For the Bristol Initiative, Bristol Harbourside was also about placemaking: offering new opportunities to sit in the sun, take a walk, grab a drink and a meal, visit the cinemas, galleries and museums. We wanted to give people access to more things that make their lives interesting and bearable. Two new public squares were created following Bristol Ideas’ work – Anchor Square and Millennium Square – as well as a large underground car park (paid for by Arts Council England), the revenue from which still provides annual support to We The Curious.

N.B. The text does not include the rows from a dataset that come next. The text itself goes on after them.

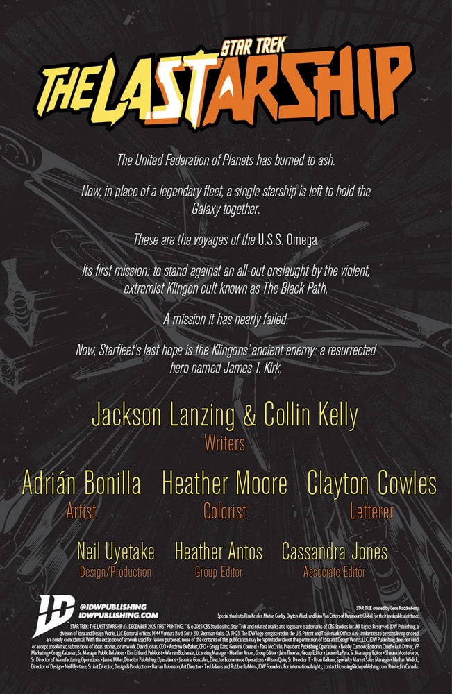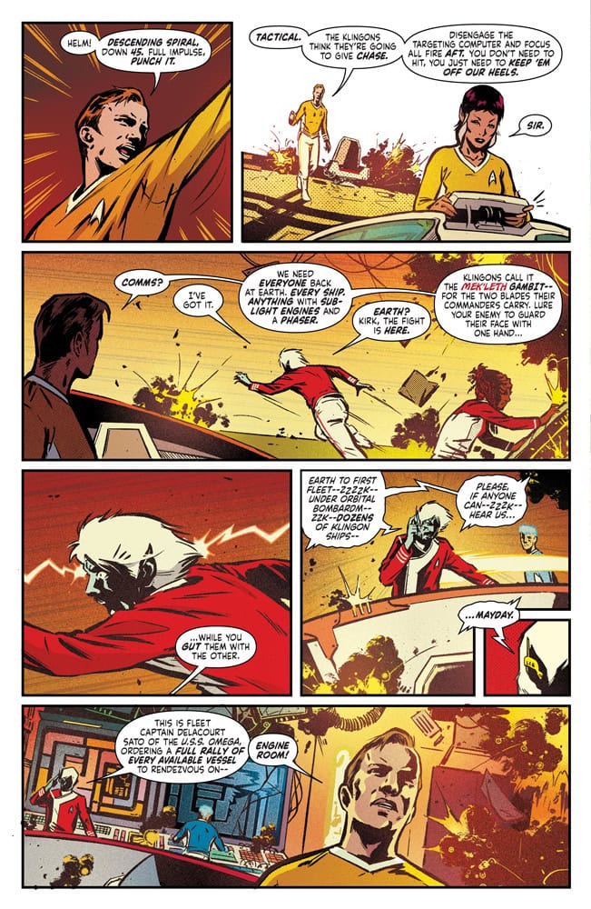 The U.S.S. Omega launches into battle! Its adversary? A chaotic Klingon cult whose bloodred path is focused purely on obliterating the remaining vestiges of Starfleet. What’s left of the Federation is falling apart by the moment. Captain Sato, who once dreamed of uniting the galaxy, is now living his worst nightmare. He was raised in a time of peace… but no progress comes without a fight. While the Klingons might be his enemies after centuries of peace, he has Kirk as his ally… and no one knows how to defeat a Klingon better than the Federation’s greatest hero.
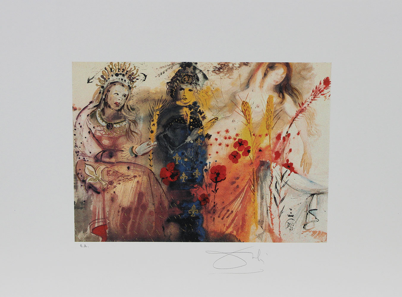 Dalì Salvador Senza titolo litografia su carta, cm. 50x68, es. E.A. firmata in basso a destra, timbro a secco in basso a sinistra, etichetta Edición Gaceta Española de Arte Contemporáneo di Madrid al retro senza cornice
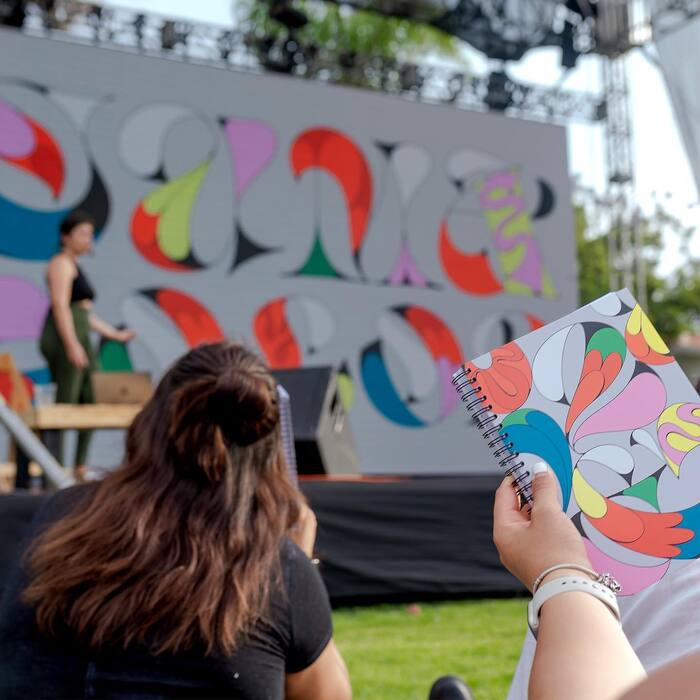 In the 2023 edition, held in April of that year, the keynote speaker was Brazilian lettering artist Cyla Costa and the festival’s swag bag featured a sketchbook with her font Juma on both the front and back covers. This is, in all likelihood, the first public use of the font, which had just been released by Naipe Foundry in December 2022.
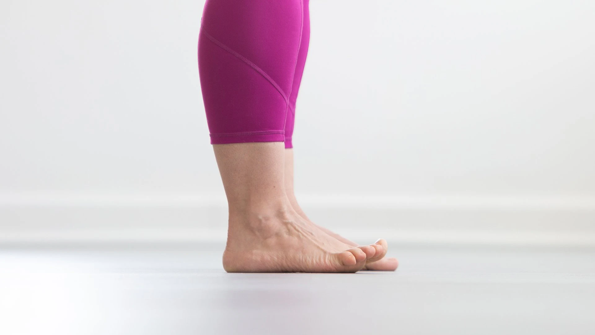 Now, make sure that your shins are parallel to each other as you press down firmly through the outer edges of both feet and big toe mounds, and see if you can focus on maintaining even weight distribution between these two areas. You should feel a slight lift in your arches. As you find yourself standing throughout the day, try to bring this level of awareness and engagement to your feet, especially if you tend to pronate or supinate.
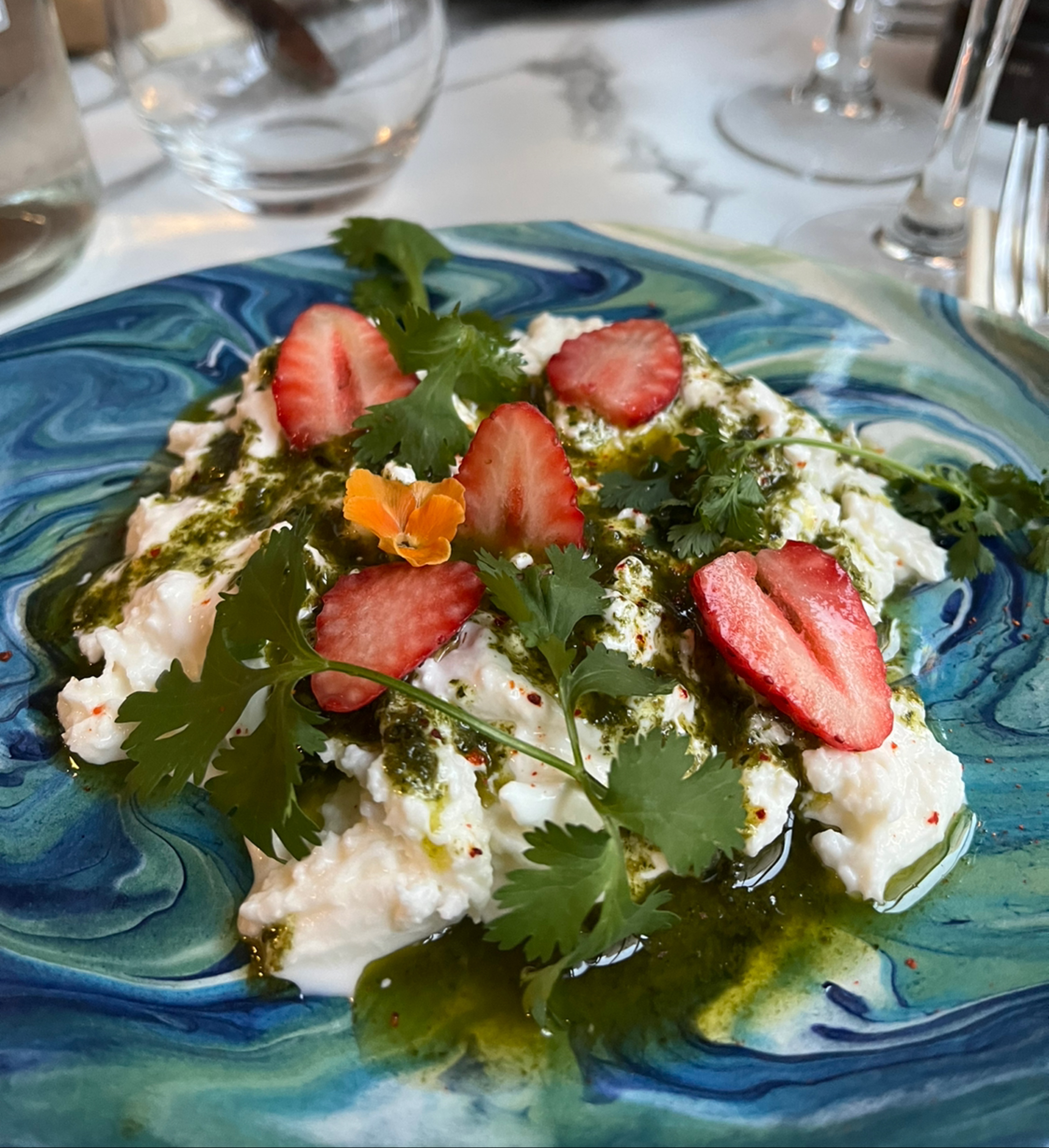 Tout était parfait ! La personne s'occupant du service est très professionnelle, agréable et elle connaît la cuisine sur le bout des bras ! En entrée, le carpaccio daurade fenouil et fraise est juste excellent, en plat le poulpe est fondant, la côte de bœuf et le filet de bar tout pareil ! Les desserts viennent terminer ce repas dans la continuité ! Les plats sont tous originaux, copieux, avec des produits frais et excellents, le tout avec le sourire! Adresse à ne pas manquer !
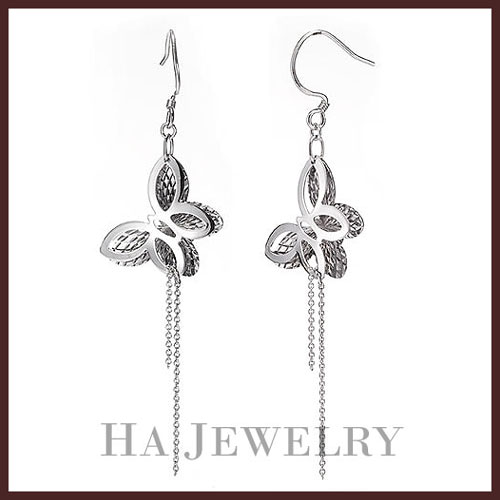 SILVER 925 DUO BUTTERFLY DROP CHAIN DANGLE EARRINGS NEW
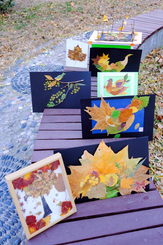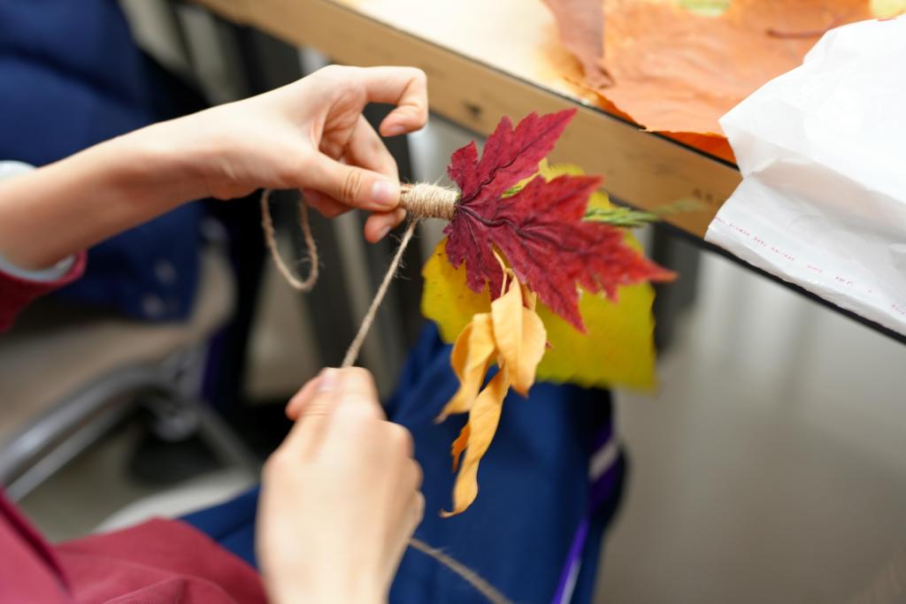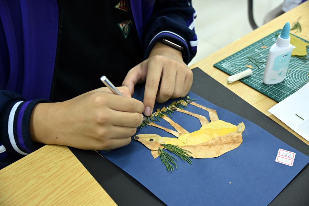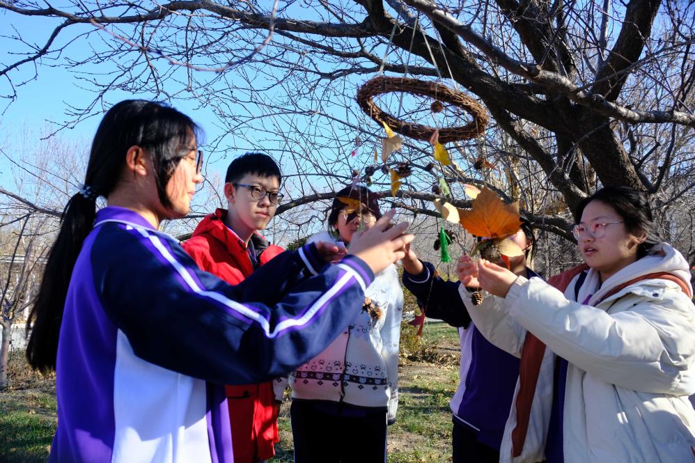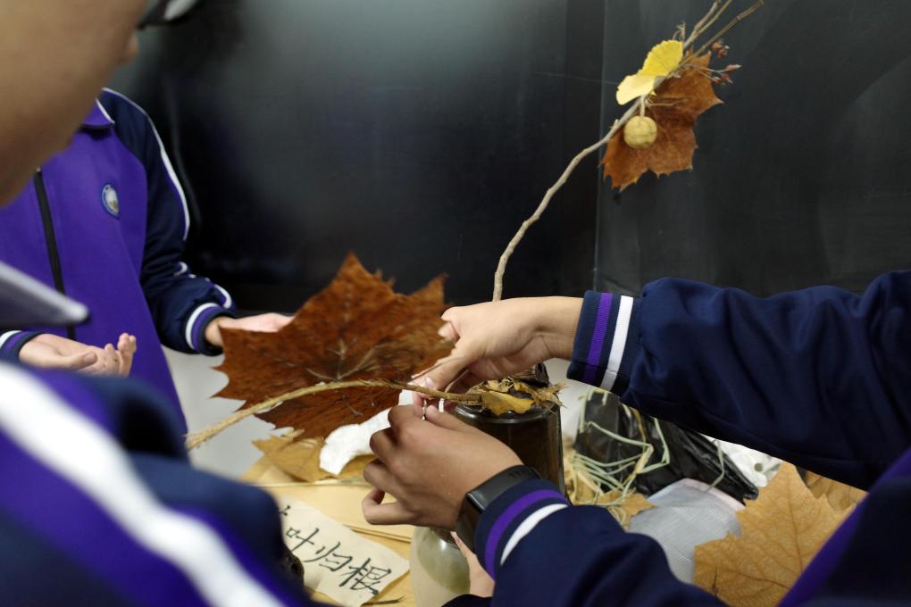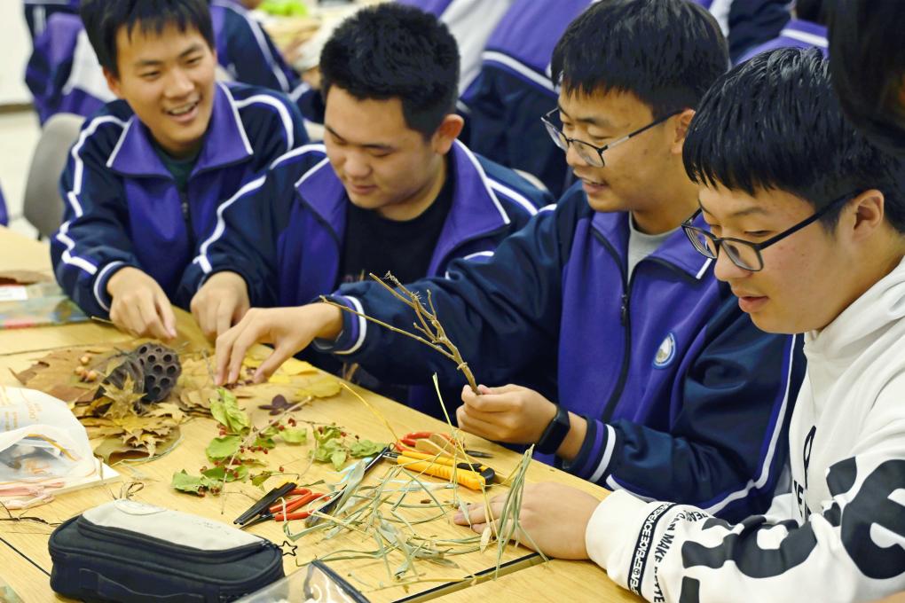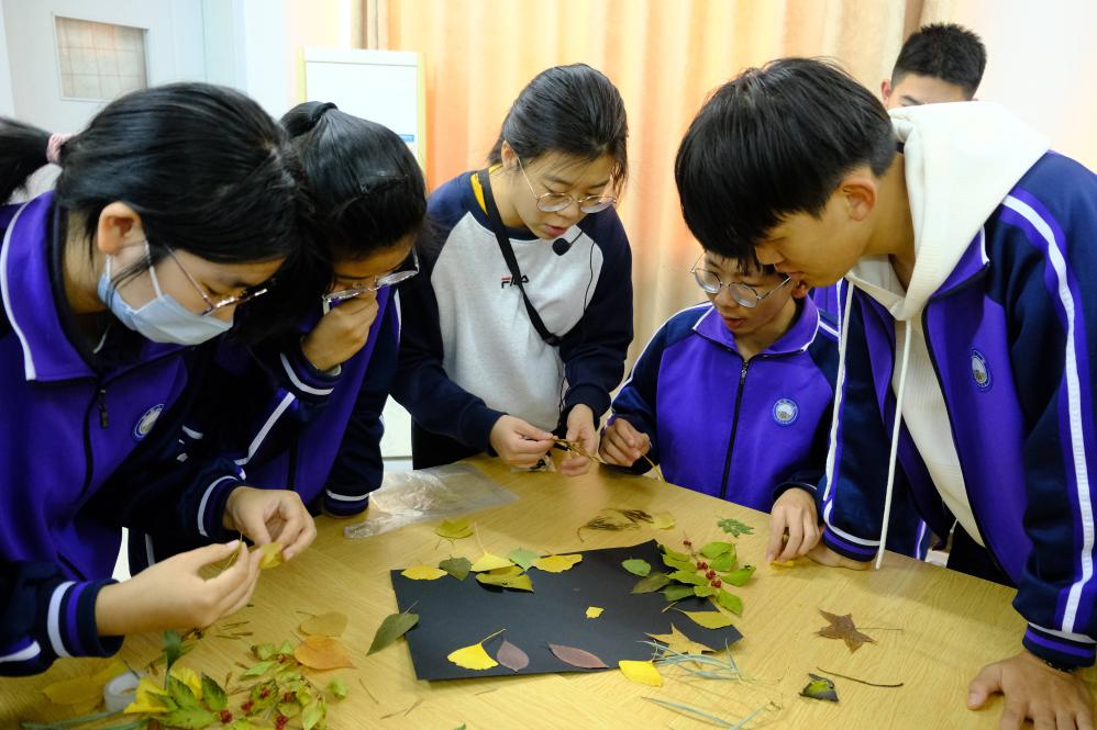 11月25日、落ち葉を使った作品に取り組む生徒ら。(天津=新華社配信/邢岳坤)
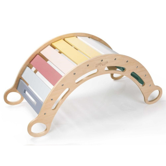 Veľká drevená Montessori hojdačka 6v1, v sete so špeciálnym obojstranným doskou a stoličkou, vám umožní vytvoriť dúhový set detského nábytku (stôl so stoličkou) takmer kdekoľvek. Rovnakou ľahkosťou tento set premeníte na malé detské ihrisko so šmýkačkou alebo lezeckou stenou. Multifunkčná Montessori hojdačka max umožní deťom príjemne sa pohupovať, môže byť lezeckou, šmýkačkou, skrýšou, mostom, s ďalšími časťami setu stolíčkom alebo detským ihriskom. Pastelový set je vhodný pre deti už od 1 roka.
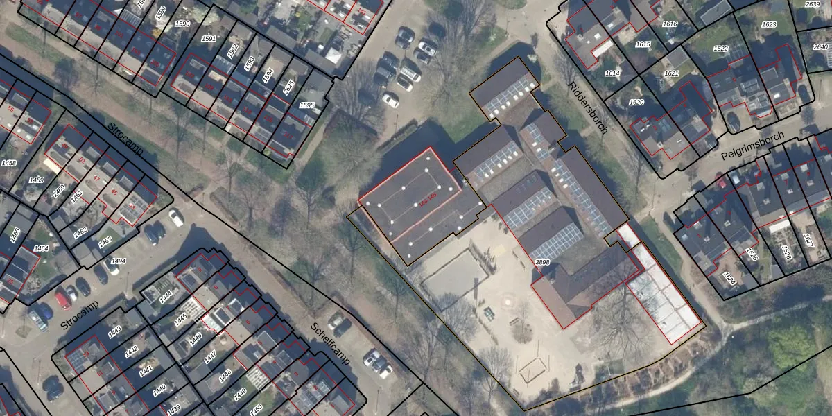 Het perceel waarop Riddersborch 145 staat heeft een oppervlakte van 1,7 ha. Dit is een zeer groot perceel. De perceeloppervlakte wordt geregistreerd door het Kadaster. Gedetailleerde informatie over de maten van dit perceel kunt u vinden in het rapport Kadastrale kaart met maatvoering van Riddersborch 145.
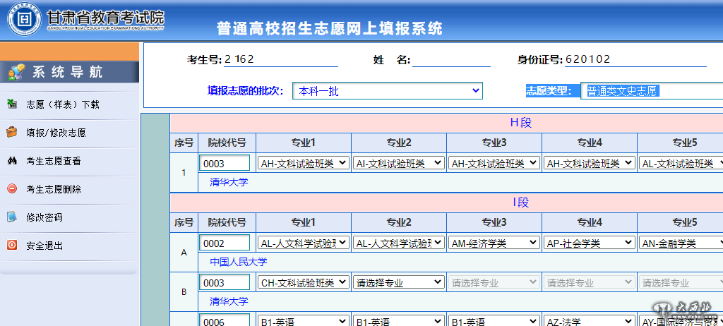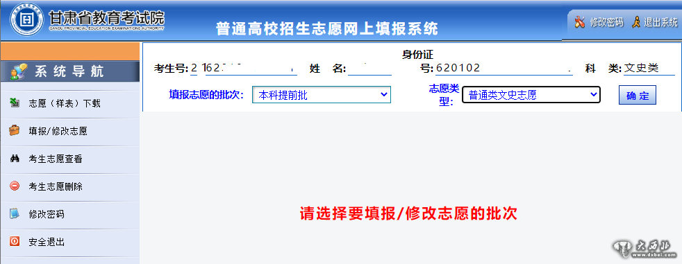 7、志愿提交后,如考生要修改某批次志愿,点击“系统导航”栏中的“填报/修改志愿”选项,选择批次后,使用“志愿提交密码”修改志愿。
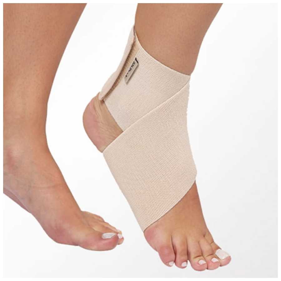 This ankle brace in the shape of an 8 is made of breathable and soft cotton. The bandage supports and stabilizes the ankle and may be used under shoes in everyday life or during sports.
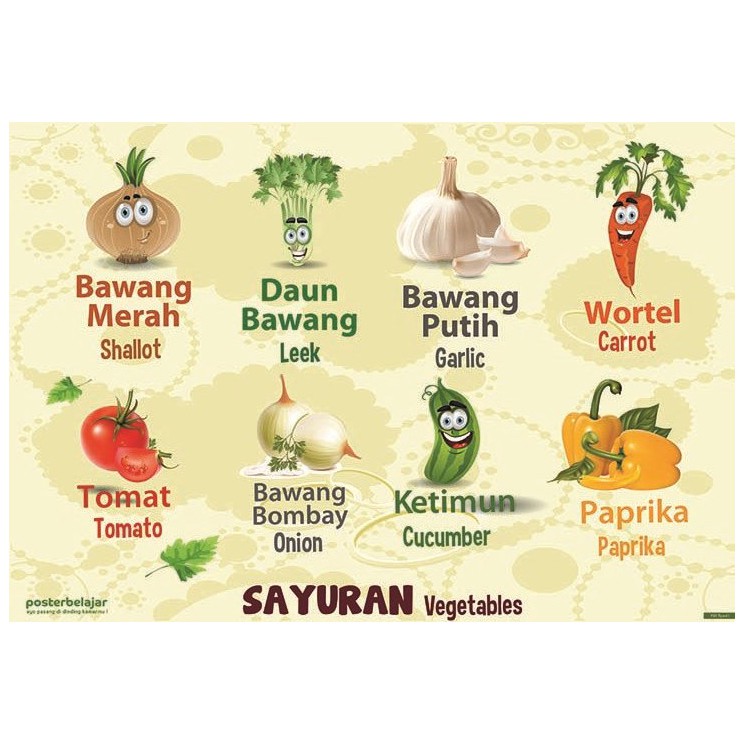 Poster Sayuran untuk Edukasi Anak Usia Dini PAUD TK SD Laminasi Glossy [Tipe 01] | Shopee Indonesia

Although the funding ultimately didn’t come through for this ambitious development in its entirety, I’m pleased that Bristol Harbourside has become a better place for Bristolians as well as a destination for others.

Bristol Ideas was operating in this reimagining of Bristol Harbourside in the most successful way I’ve ever seen. Without that ability to get people interested and to think ahead, the Bristol Initiative would not have achieved anything, and the dream would have been incomplete, locally shallow and short term. The Bristol Initiative had vision and imagination, but we were all businesspeople at root. Bristol Ideas and their very small team constantly beavered away to make things work.

Models for The Harbourside Centre, Bristol. (Behnisch and Behnisch, 1998)

Culture in a city is relevant to and must be applied to everybody, and people who understand that are vital to success. Bristol Ideas gave us that ingredient; created the vision; invested the hard work to make it happen; and provided the will and determination to get us through the setbacks and disappointments.

And there were disappointments. I still regard the failure of Arts Council England to make their final investment – after eight years of work with them to create The Harbourside Centre – as a betrayal and a great lost opportunity. However, the reopening of Bristol Beacon in November 2023 was much needed and a triumph. I like to think the ambition we showed in the plans for The Harbourside Centre inspired the plans for Bristol Beacon in giving the city the concert hall it has long deserved. The successes outweigh the disappointments.

We The Curious now attracts more than 300,000 visitors annually. It helped transform derelict land in the centre of the city. Arts, nature and science were integrated from the start. It brought together landowners, planners, Bristol City Council, artists and scientists (among many others). The ideas were rooted in placemaking as well as education and economic development; and there was significant citizen participation. We The Curious created new places where people could congregate, learn, discuss and debate. And it showed that culture could lead the way in major city renewal. Bristol Ideas had the vision, the knowledge, the ability to build the partnerships needed, and they were able to marshal resources. Additionally, following the collapse of the Harbourside Centre, they had the resilience to carry on.

Their work also strengthened the Harbourside’s existing cultural provision and fomented new cultural projects: the creation of The Architecture Centre; the renewal of Arnolfini and Watershed; the expansion of ss Great Britain; the development of Underfall Yard; and the Bristol Industrial Museum becoming MShed. The completion of a continuous walk around the harbour and wider development including new restaurants and retail outlets on both sides of the river makes the place even more valuable, especially for Bristol people who have long held affection for the historic heart of the city. Only a few decades before, serious discussion took place about getting rid of the water to create space for more car parking. I’m glad we fought so hard to put culture at the heart of Bristol’s Harbourside.

Models for The Harbourside Centre, Bristol. (Behnisch and Behnisch, 1998)

John Savage was pivotal in founding Bristol Ideas in 1992. He was full-time chief executive of The Bristol Initiative from 1989 and, from February 1993, chief executive of Bristol Chamber of Commerce and Initiative and then executive chairman of Bristol Chamber of Commerce and Initiative.

This essay is taken from Our Project Was the City: Bristol Ideas 1992-2024, published May 2024.